Invariants after: All AlienBlock
bindings replaced with Foreign
bindings.
Program is a list of bindings and an optional phrase. This pass builds a new
list of bindings and keeps the phrase. A list of bindings inside an
AlienBlock
gets flattened to a list of Foreign
binding, so:
alien javascript "test.js" {
setTitle : (String) ~> ()
alertBox : (String) ~> ()
}
gets replaced with:
alien javascript "test.js" setTitle : (String) ~> ()

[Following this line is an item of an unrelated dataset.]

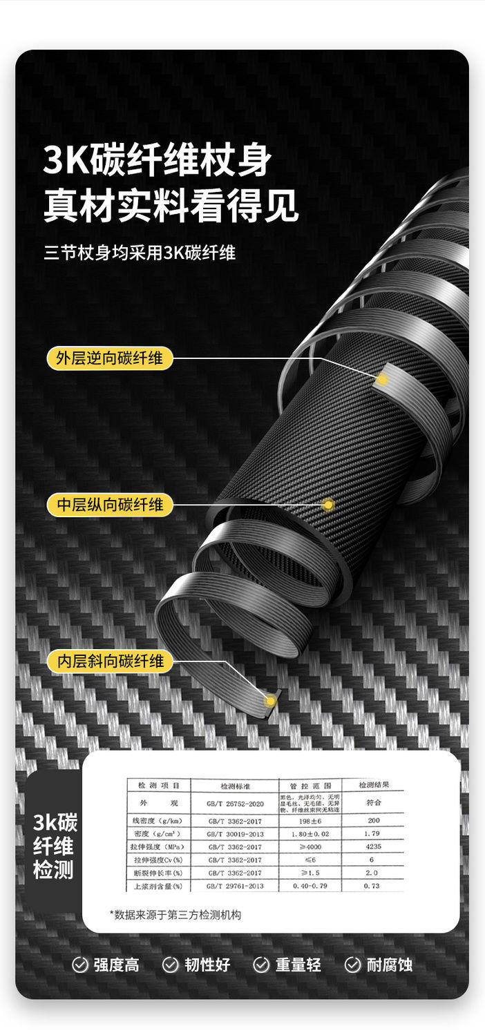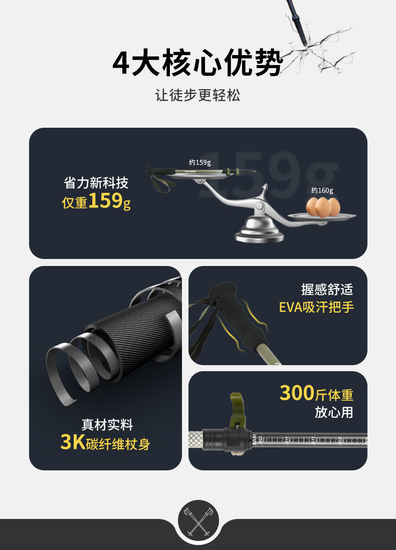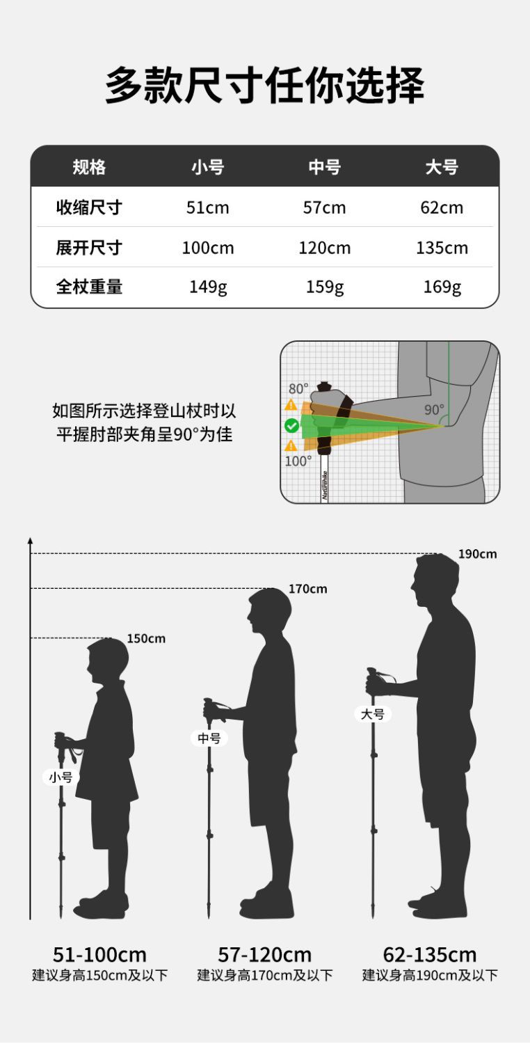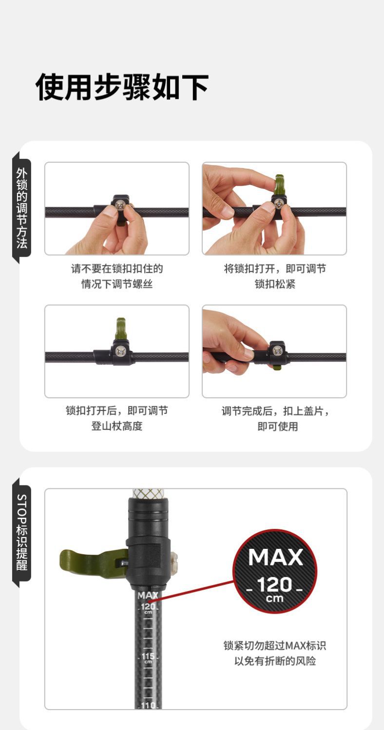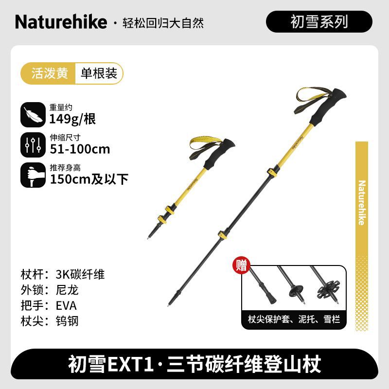 네이처하이크 트레킹 폴 3섹션 탄소 섬유 외부 잠금 장치 텔레스코픽 야외 캠핑 하이킹 초경량 지팡이스토어 가기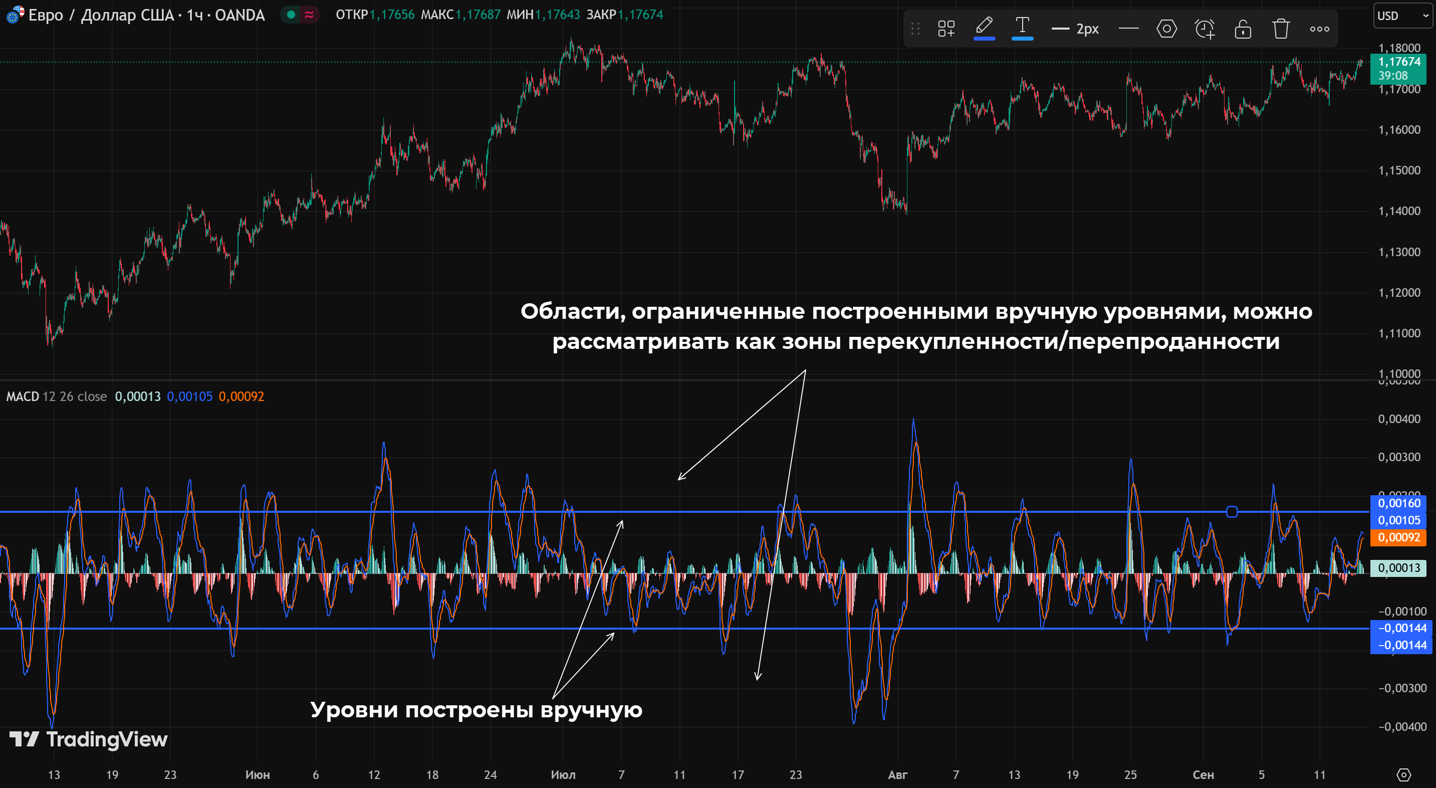 • Если у осциллятора нет фиксированных границ зон, их можно построить вручную, уменьшив масштаб графика. Этот подход работает с MACD, индексом товарного канала и рядом других индикаторов. При построении уровней ориентируйтесь на поведение графика, границы должны быть построены так, чтобы линия индикатора лишь изредка входила в зону перекупленности/перепроданности.

alien javascript "test.js" alertBox : (String) ~> ()
Bindings inside Module
and Block
s get flattened in the same way, but they
are obviously kept inside their respective modules/blocks and not floated to the
top level. flatten_simple
is responsible for block flattening. As pointed out
earlier the same block flattening mechanism is used in DesugarModules
.
Note: Skipping a more detailed description due to ongoing work on the module system, which will very likely change the behaviour of current desugaring.
Entry point: DesugarModules.desugarModules prog_with_deps
Invariants before:
Invariants after: All Module
and QualifiedImport
bindings are removed.
There are definitely some extra invariants here (c.f. resolve
function).
Entry point: DesugarSessionExceptions.wrap_linear_handlers
Invariants before:
Invariants after: TryInOtherwise
phrases wrapped inside a switch
statement.
This transformation replaces try L as x in M otherwise N
with:
switch (try L as x in Just(x) otherwise Nothing) {
case Just(x) -> M
case Nothing -> N
}
There's a detailed comment in the source code describing the rationale behind this transformation, but I don't understand it.

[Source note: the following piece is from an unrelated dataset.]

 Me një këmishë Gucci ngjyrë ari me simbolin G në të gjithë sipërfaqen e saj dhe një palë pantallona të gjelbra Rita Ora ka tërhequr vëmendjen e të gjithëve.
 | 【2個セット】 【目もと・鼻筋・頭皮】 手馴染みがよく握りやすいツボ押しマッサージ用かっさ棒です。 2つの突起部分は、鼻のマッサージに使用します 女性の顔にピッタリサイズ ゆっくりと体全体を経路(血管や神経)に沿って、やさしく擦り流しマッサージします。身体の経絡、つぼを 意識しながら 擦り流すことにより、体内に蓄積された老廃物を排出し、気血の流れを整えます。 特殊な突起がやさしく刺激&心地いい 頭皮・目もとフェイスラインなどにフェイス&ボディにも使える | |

Entry point: DesugarHandlers.desugar_handlers_early#program
Invariants before:
Invariants after:
Entry point: DesugarLAttributes.desugar_lattributes#program
Invariants before: attributes starting with "l:" appear only as "l:action", "l:name" or "l:on*" attributes in XML forms or as "l:href" in link () XML tags.
At the beginning of the source file there is a comment that says "l:href" and "l:action" attributes should be disallowed in client-side XML, but I don't see any code that would enforce that in any way or that would cause errors because of this. Desugared attribute functions receive Server location though.

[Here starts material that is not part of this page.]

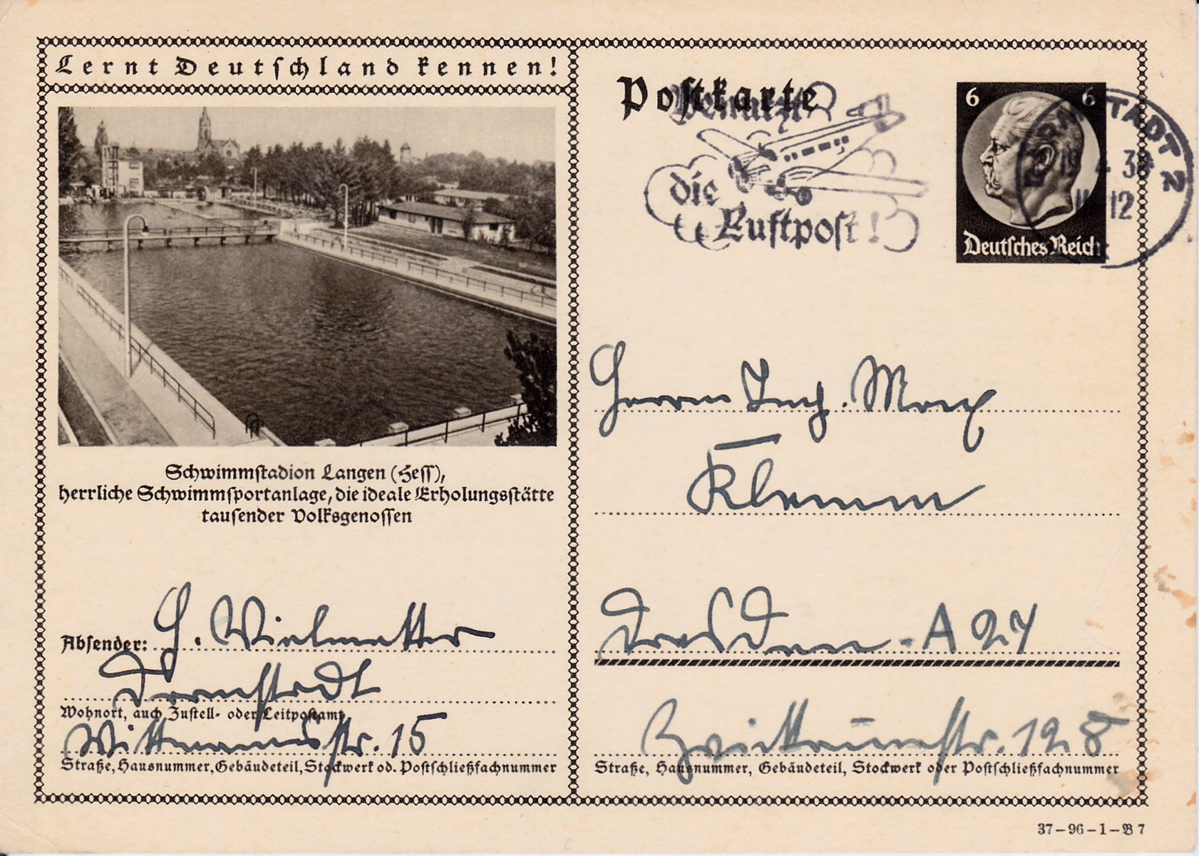 Das Schwimmstadion in Langen (Hessen) sehen wir auf dieser Karte (Serie 96 Bild7).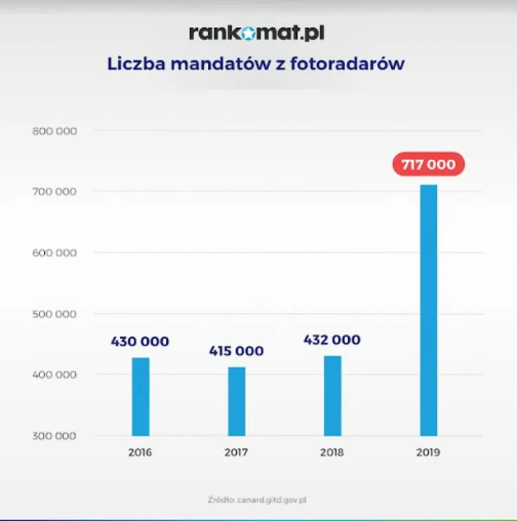 W 2019 r. w wyniku działania fotoradarów nałożono 717 000 mandatów. To aż o 66% więcej niż

Invariants after: No Xml phrasenodes contain attributes with names that start with "l:". This is enforced in
replace_lattrs` function that runs a
check after desugaring and raises an error if it finds any attribute with name
starting with "l:".
I don't really understand the details of what the transformation generates, since I'm not familiar with Links web programming model.
Question: Where does the "l:" prefix come from? Is this a special convention introduced in Links?
Note: discarding of source positions is definitely too eager in desugar_form
and desugar_lnames
. We traverse XML children nodes to modify the attributes.
These new attributes should have dummy positions, but the XML children nodes
should maintain their existing positions. Reported as #480.
Note: from a quick glimpse it seems that this is responsible for identifying groups of mutually recursive bindings. Since there is an ongoing work on this (#457) I'm skipping this module for now since it is likely to change.
Entry point: RefineBindings.refine_bindings#program
Invariants before:
Invariants after:
Note: Daniel mentioned that he's working on changing this module as part of work on the module system. Skipping for now.
Entry point: DesugarDatatypes.program tyenv.Types.tycon_env
Invariants before:
Invariants after:
Entry point: TypeSugar.Check.program tyenv
Invariants before:
Invariants after:
Entry point: (DesugarCP.desugar_cp tyenv)#program
Invariants before:
Invariants after:
Entry point: (DesugarInners.desugar_inners tyenv)#program
Invariants before:
Invariants after:
Entry point: (DesugarSessionExceptions.insert_toplevel_handlers tyenv)#program
Invariants before:
Invariants after:
Entry point: (DesugarSessionExceptions.desugar_session_exceptions tyenv)#program
Invariants before:
Invariants after:
Entry point: (DesugarProcesses.desugar_processes tyenv)#program
Invariants before:
Invariants after:
Entry point: (DesugarDbs.desugar_dbs tyenv)#program
Invariants before:
Invariants after:
Entry point: (DesugarFors.desugar_fors tyenv)#program
Invariants before:
Invariants after:
Entry point: (DesugarRegexes.desugar_regexes tyenv)#program
Invariants before: Regex
phrasenodes appear only as the right argument of
RegexMatch
binop. And the other way around: if anything else than a Regex
appear as a rhs of RegexMatch
an exception is raised.
Invariants after: No Regex
phrasenodes and no RegexMatch
binops are
present in the tree, which implies that expressions of regex
AST are erased
completely. All Regex
es are converted to phrases. Only variables appear in
regexes. All spliced expressions are replaced with let-bindings placed in a
block with the regex they are used in.
Entry point: (DesugarFormlets.desugar_formlets tyenv)#program
Invariants before: Formlet
body contains only: FormBinding
, Xml
,
TextNode
or Block
phrases.
Invariants after: No Formlet
phrasenodes in AST. TextNode
and
FormBinding
that were located inside Formlet
body are eliminated as well.
Entry point: (DesugarPages.desugar_pages tyenv)#program
Invariants before: Page
contains only: FormletPlacement
,
PagePlacement
, Xml
, TextNode
or Block
phrases.
Invariants after: No Page
phrasenodes in AST. FormletPlacement
and
PagePlacement
placed directly under Page
are also eliminated. I wonder
whether the intention to eliminate FormletPlacement
and PagePlacement
phrasenodes completely. Currently this is not enforced, as hinted by a TODO
note. Firstly, such nodes might appear outside of Page
phrasenode since
primary_expression
production in the parser admits XML expressions.
Secondly, they might appear somewhere in a Block
expression. Note that
Block
expressions can only appear under a Page
expressions if they have
been introduced by desugaring - they cannot be created by the parser.
Entry point: (DesugarFuns.desugar_funs tyenv)#program
Invariants before:
Invariants after: